Лашом немного опешил.

– Слушайте, вы шутите! – сказал он. – Все знают…

– Что? Я?.. Да что вы, дорогой! – воскликнул Вильнер. – Да нет: я же старик. Только профессиональный интерес. Я не отрицаю, что так, мимоходом…

И они принялись обсуждать свои любовные привычки. Вильнер объявил, что не может уже выносить, когда женщина просыпается в его постели.

– А вы как поступаете? – спросил он.

– О! Всегда предпочитаю у них и никогда у меня, – ответил Симон. – Это избавляет от выяснения отношений и сохраняет массу времени. Так что предпочитаю уйти хоть в четыре утра…

– Да, да, да, – подхватил Вильнер, кивая массивной головой. – Но вы-то молодой. А вот с возрастом – увидите сами, уже сил нет среди ночи снова натягивать брюки.
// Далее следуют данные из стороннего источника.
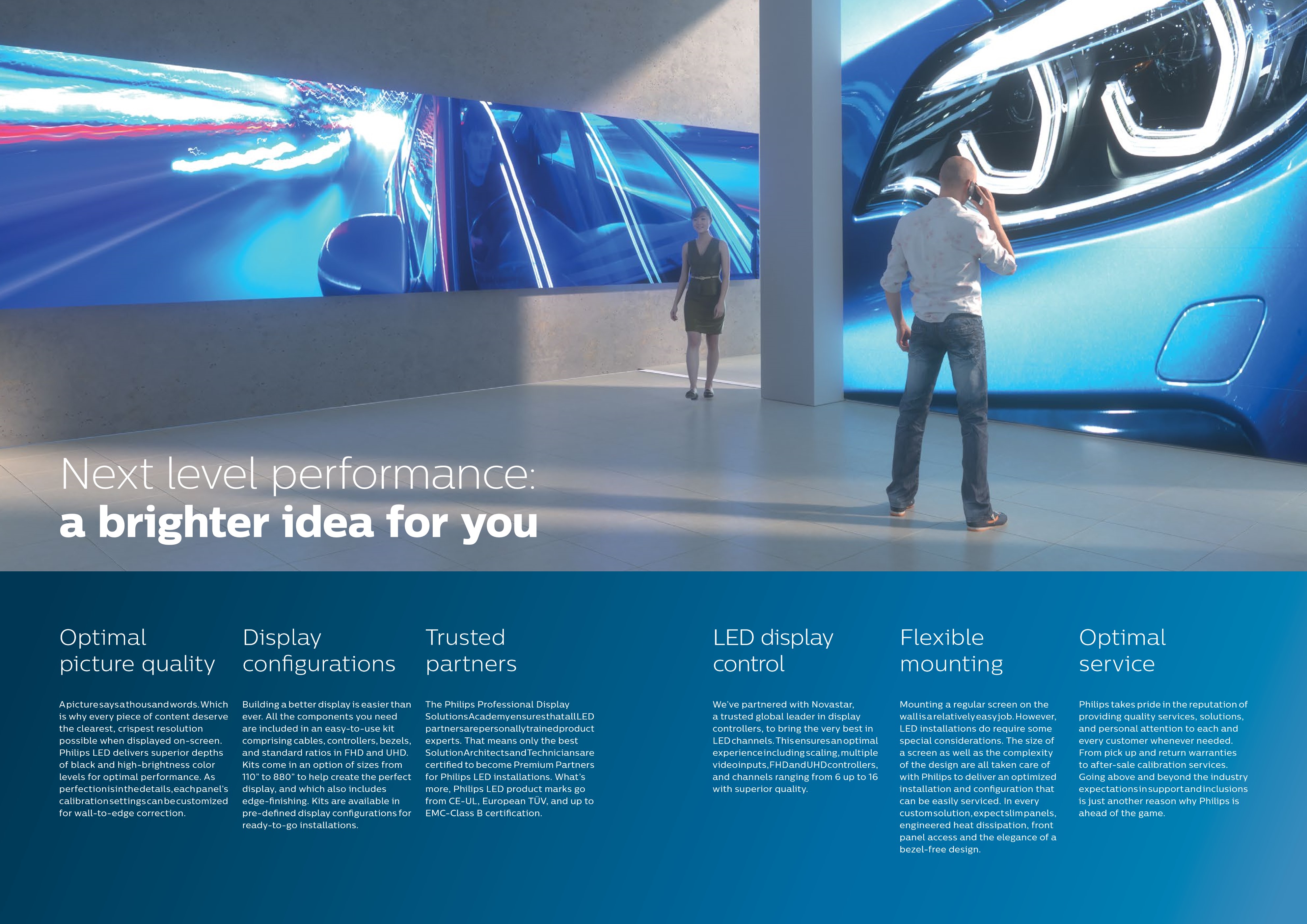 When Philips Professional Display Solutions created the revolutionary bezel-free LED, I had the honour of creating its global identity and product brochure. With infinite product design capabilities, it was only fitting for me to create powerful content that matched its endless possibilities.
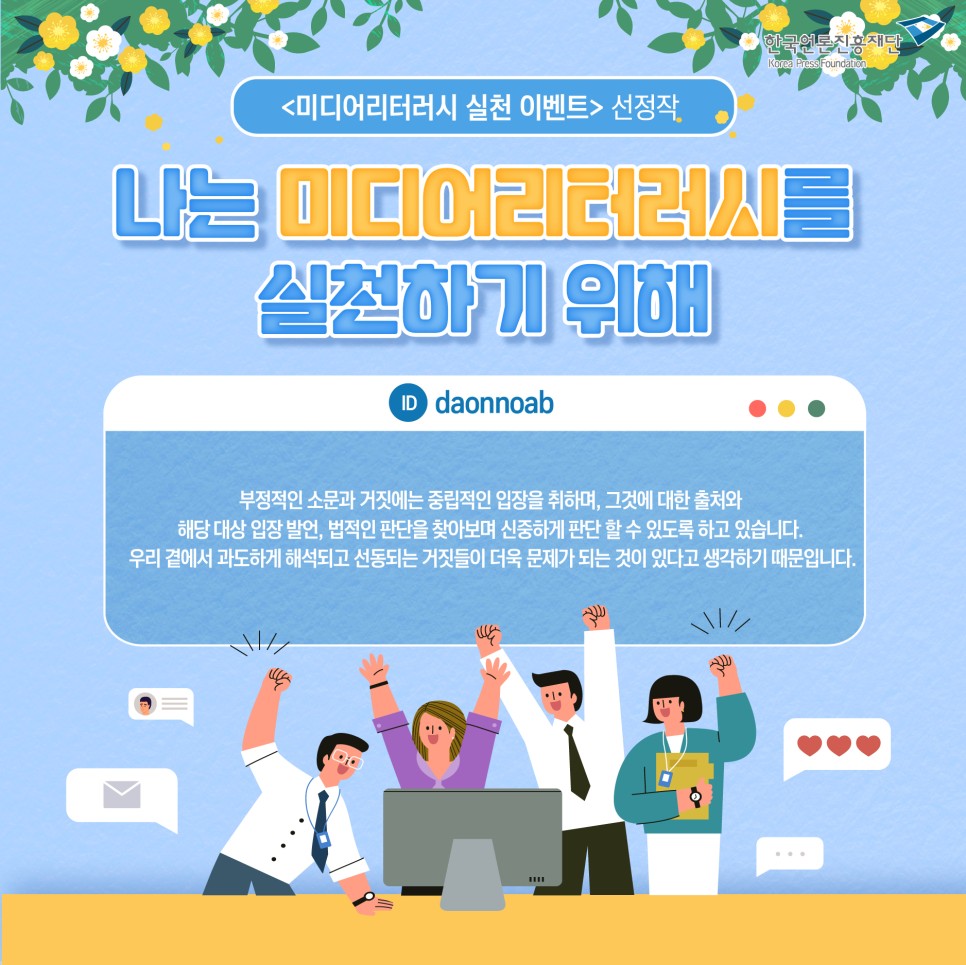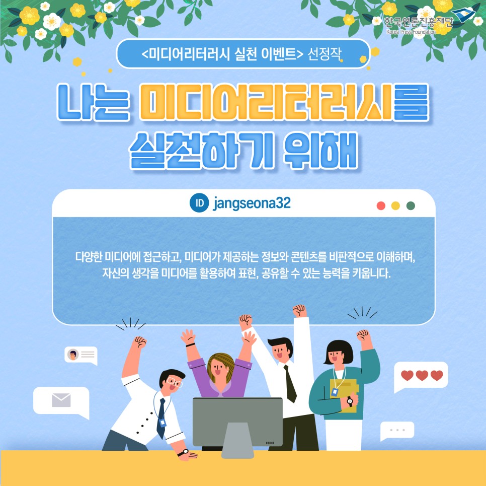 | 미디어리터러시 실천 이벤트! <나는 미디어리터러시를 실천하기 위해 ooo을 한다!> (0) | 2021.04.12 |
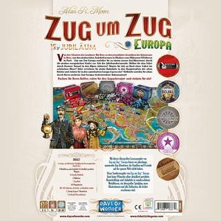 Vom Schatten des Londoner Big Ben zu den hoch aufragenden Bögen des römischen Kolosseums, von den leuchtenden Zwiebeltürmen Moskaus zum filigranen Eifelturm in Paris ? Zug um Zug Europa nimmt die Spieler seit 15 Jahren mit auf unvergessliche Zugabenteuer durch...
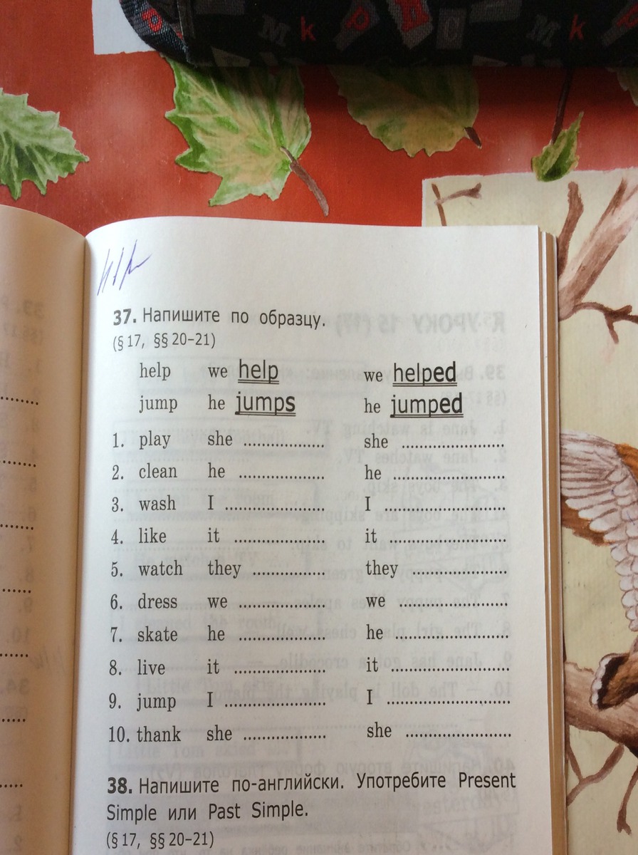В первом столбце( в примере) если HE SHE ИЛИ IT ТО СТАВИТСЯ s ,если we i you и т.д. то s не пишется.
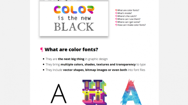 فونت های رنگ چه چیزی هستند و چگونه میتونیم ازشون استفاده کنیم؟ اینها سوالاتی هستند که جوابشان بخوبی در این سایت داده شده. اگر شما چیزی در این باره نشنیده اید, فونت های رنگ فایل های فونتی هستند که میتونند شامل رنگها, تکسچرها, vector ها و حتی تصاویر bitmap باشند.
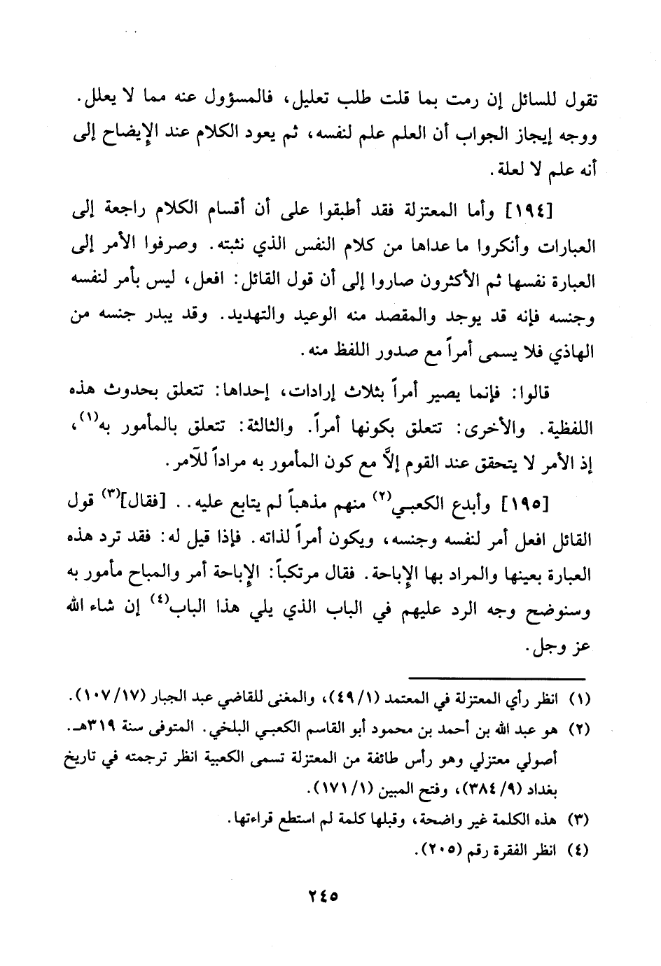 [194] وَأما الْمُعْتَزلَة فقد أطبقوا على أَن أَقسَام الْكَلَام رَاجِعَة إِلَى الْعبارَات وأنكروا مَا عَداهَا من كَلَام النَّفس الَّذِي نثبته. وصرفوا الْأَمر إِلَى الْعبارَة نَفسهَا ثمَّ الْأَكْثَرُونَ صَارُوا إِلَى أَن قَول الْقَائِل: افْعَل، لَيْسَ بِأَمْر لنَفسِهِ وجنسه فَإِنَّهُ قد يُوجد والمقصد مِنْهُ الْوَعيد والتهديد. وَقد يبدر جنسه من الهاذي فَلَا يُسمى أمرا مَعَ صُدُور اللَّفْظ مِنْهُ.
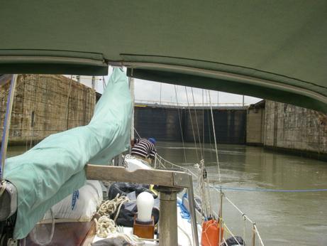 We went through those locks like pro's, the time flying by. We motored off to one side so that we could untie the yachts and continue on our way under our own engine. We were off to meet the boat that would take our advisor, Carlos, back to shore. In reality the trip through the three locks had taken 3 hours..but it sure didn't feel like it!

– А Шудлер, как он реагировал? – прервав их, спросил кто-то у Вильнера. – Он, верно, в ярости. Надо признать, вы перегнули палку!

– Ну ясно, что к этой пьесе есть ключ, – произнес еще кто-то. – Об этом уже шумит весь Париж!

В сотый раз после окончания второго действия Вильнер со всех сторон слышал: «К этой пьесе есть ключ… к этой пьесе есть ключ… Это ведь Шудлер, правда?.. Ну, признайтесь, что это Шудлер…»

Драматурга одолела злость, ему показалось, что его творение хотят принизить, низведя до простой светской сплетни, и вдруг, держа наполовину обглоданную куриную ногу и перекрывая гул гостей, он дал выход своему великому гневу.

– Что это значит: к этой пьесе есть ключ? – воскликнул он. – К каждой пьесе есть свой ключ. К пьесам Расина тоже есть ключ. Разве его «Александр», например, который, вообще-то говоря, просто плох – за исключением двух сцен, – не списан целиком с Людовика XIV? А романы? Ко всем романам – свой ключ. Бальзак. Толстой… А уж Толстой даже не давал себе труда переделывать имена. Менял одну букву и считал, что этого довольно. И если бы прототипом мне послужила моя консьержка или если бы я черпал сюжеты из газетной хроники, как Стендаль и десятки других, вы не стали бы говорить, что к этому произведению есть ключ, просто потому, что модели были бы вам незнакомы. Да и что значит «модели»!.. Это то же самое, как скульптор создает свою Венеру, глядя на женщину, у которой разной высоты груди и дряблая задница. Ибо у всех у вас, милые дамы, – продолжал он, потрясая куриной ногой, – голову даю на отсечение, разной высоты груди! И если вы все спустите лифчики, вы увидите, что я прав.